What to work on>
Copy every entry exactly as given, minus the images.

Source information>
########
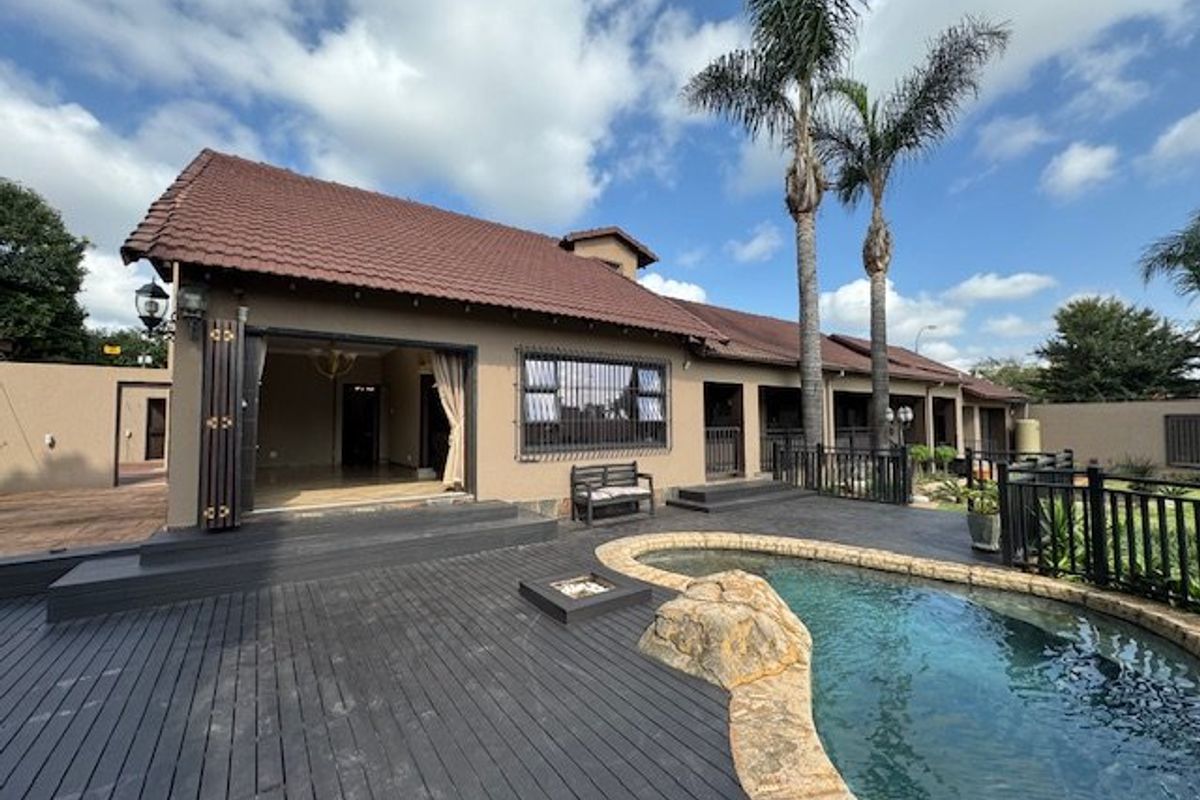 The open-plan design includes a generous dining room and a well-equipped pantry and scullery. Each of the two en-suite bathrooms ensures privacy and convenience, complemented by two additional bathrooms. With seven built-in cupboards, ample storage space is never a concern. The home also features a guest loo and a staff quarters for added functionality.
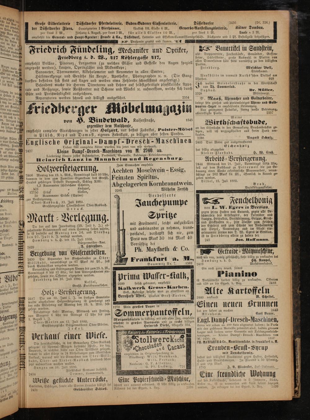 Homburg v. d. H. den 15. Juli 1880. Bürgermeister-Amt. 2429 A. Schleußner.
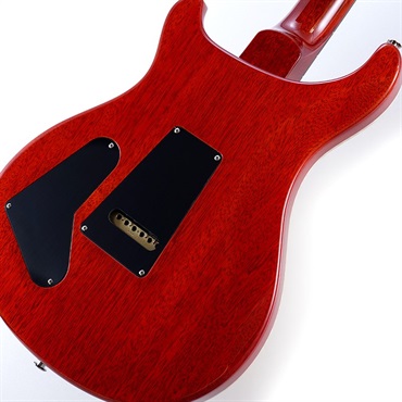 美しい杢目を持つメイプルトップにマホガニーバックと言う定番のウッドマテリアル、バック材はネックエンドからブリッジの部分までを残して空洞化されており、現在ラインアップに存在するホローボディー・シリーズに比べ、ソリッドな部分が多く設計されており、カスタムらしいソリッド感を残しながらも空気感をプラスした素晴らしい仕上がりとなっております。
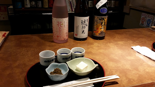 Read moreOur sake journey continued at Ginjo Shubo Aburacho, a liquor store with a small bar where you can sample sake. The staff was knowledgeable and guided us through a tasting of three different sake varieties. The sake labels can be a bit confusing, with two percentages listed—the higher number (e.g., 60%, 40%) refers to how much of the rice grain is polished away, while the lower percentage indicates the alcohol content (15%-18%). I went for the “matured & rich” (umami) palette, while Jasper chose the “light & smooth” and “rich (umami)” options. Everything was served with a delicious side of smoked, root-like vegetables. A must-visit for sake enthusiasts!
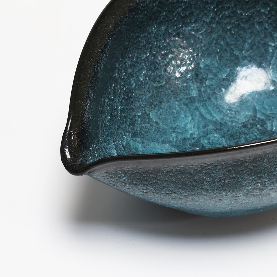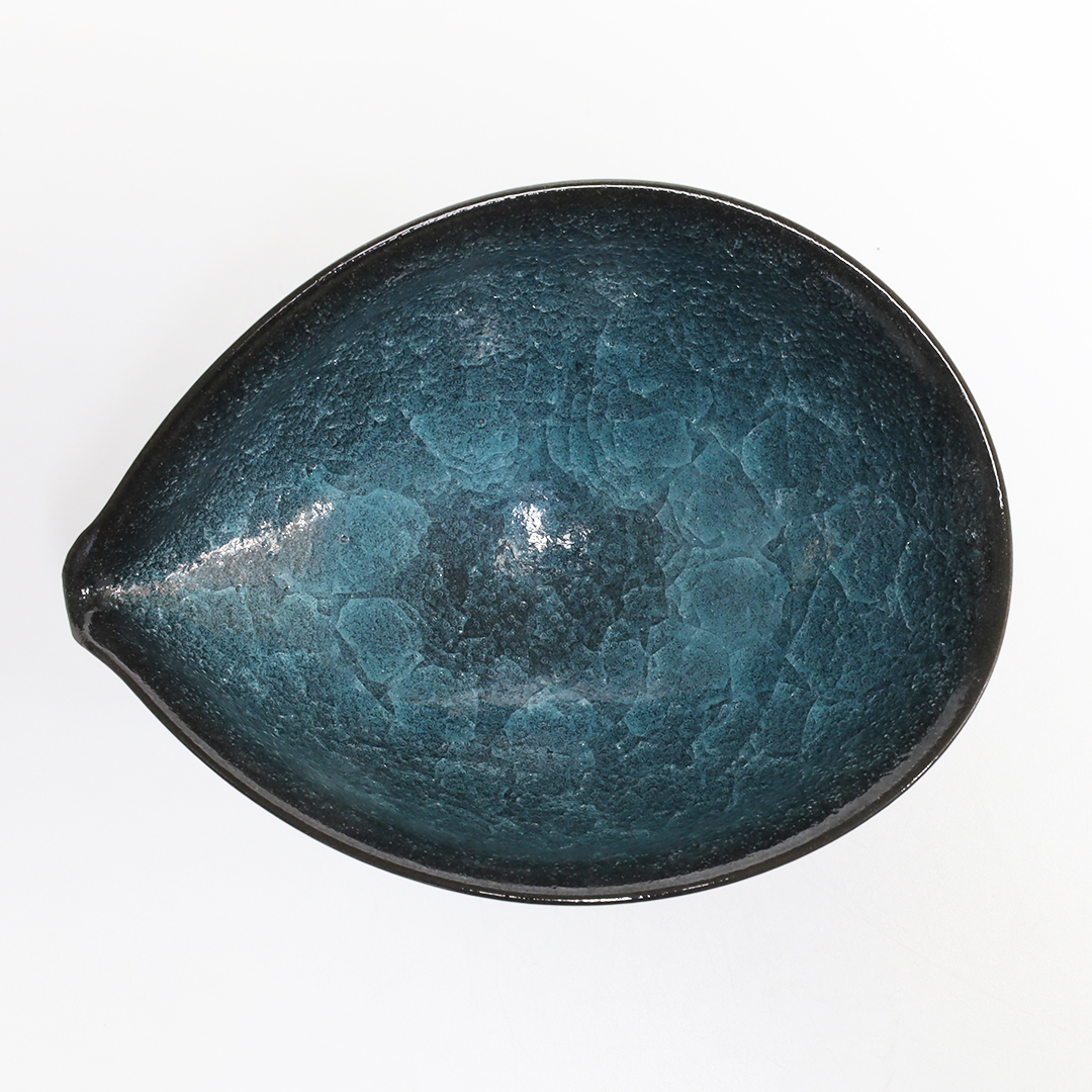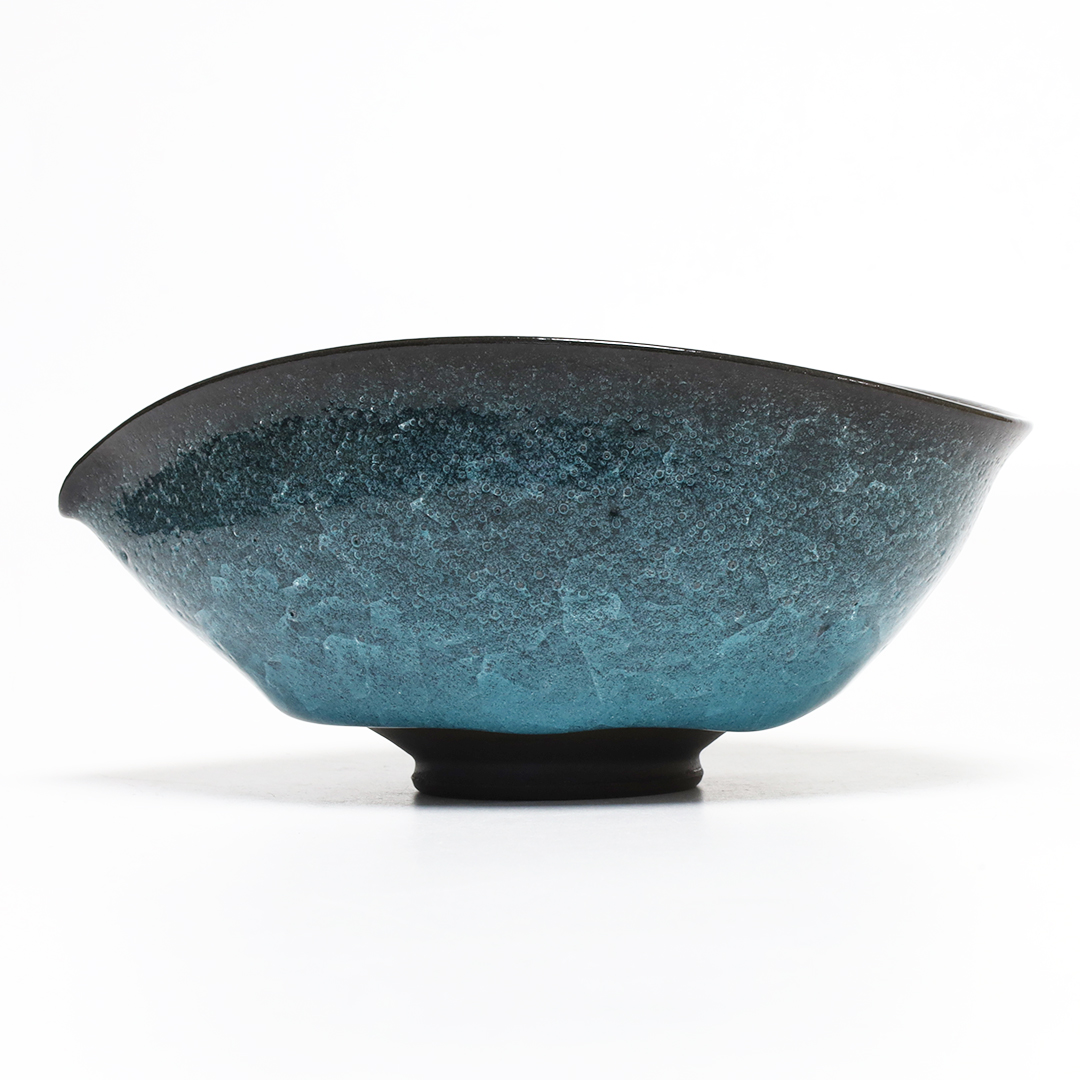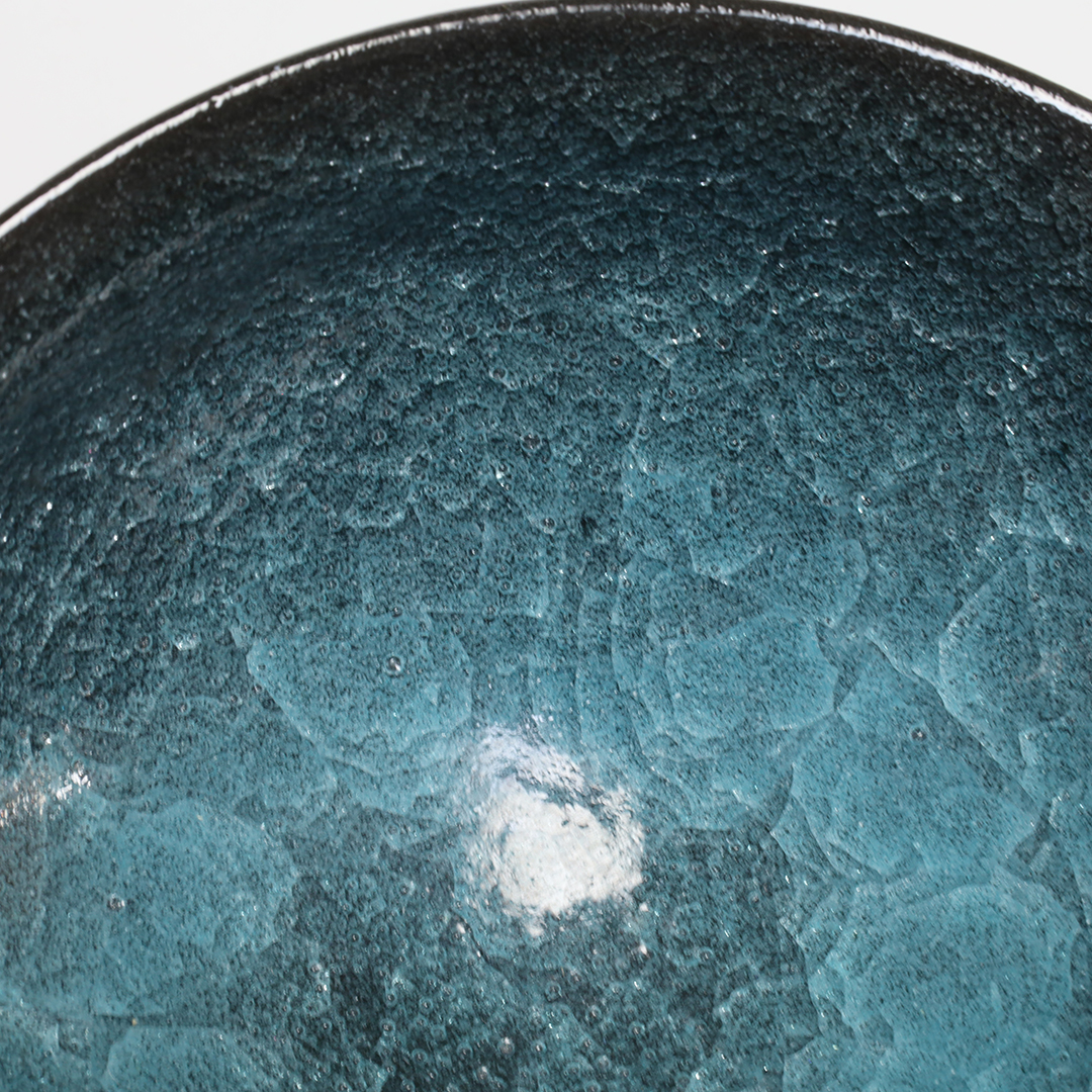 釉薬の種類のひとつである氷裂貫入釉の作品で、素地の土と釉薬の焼いた時の収縮率の違いによって起こる細かな貫入(ガラスのひび割れのこと)が特長で、 氷が割れたように見える表現方法の一つです。
########
Final answer>
 The open-plan design includes a generous dining room and a well-equipped pantry and scullery. Each of the two en-suite bathrooms ensures privacy and convenience, complemented by two additional bathrooms. With seven built-in cupboards, ample storage space is never a concern. The home also features a guest loo and a staff quarters for added functionality.
 Homburg v. d. H. den 15. Juli 1880. Bürgermeister-Amt. 2429 A. Schleußner.
 美しい杢目を持つメイプルトップにマホガニーバックと言う定番のウッドマテリアル、バック材はネックエンドからブリッジの部分までを残して空洞化されており、現在ラインアップに存在するホローボディー・シリーズに比べ、ソリッドな部分が多く設計されており、カスタムらしいソリッド感を残しながらも空気感をプラスした素晴らしい仕上がりとなっております。
 Read moreOur sake journey continued at Ginjo Shubo Aburacho, a liquor store with a small bar where you can sample sake. The staff was knowledgeable and guided us through a tasting of three different sake varieties. The sake labels can be a bit confusing, with two percentages listed—the higher number (e.g., 60%, 40%) refers to how much of the rice grain is polished away, while the lower percentage indicates the alcohol content (15%-18%). I went for the “matured & rich” (umami) palette, while Jasper chose the “light & smooth” and “rich (umami)” options. Everything was served with a delicious side of smoked, root-like vegetables. A must-visit for sake enthusiasts!
 釉薬の種類のひとつである氷裂貫入釉の作品で、素地の土と釉薬の焼いた時の収縮率の違いによって起こる細かな貫入(ガラスのひび割れのこと)が特長で、 氷が割れたように見える表現方法の一つです。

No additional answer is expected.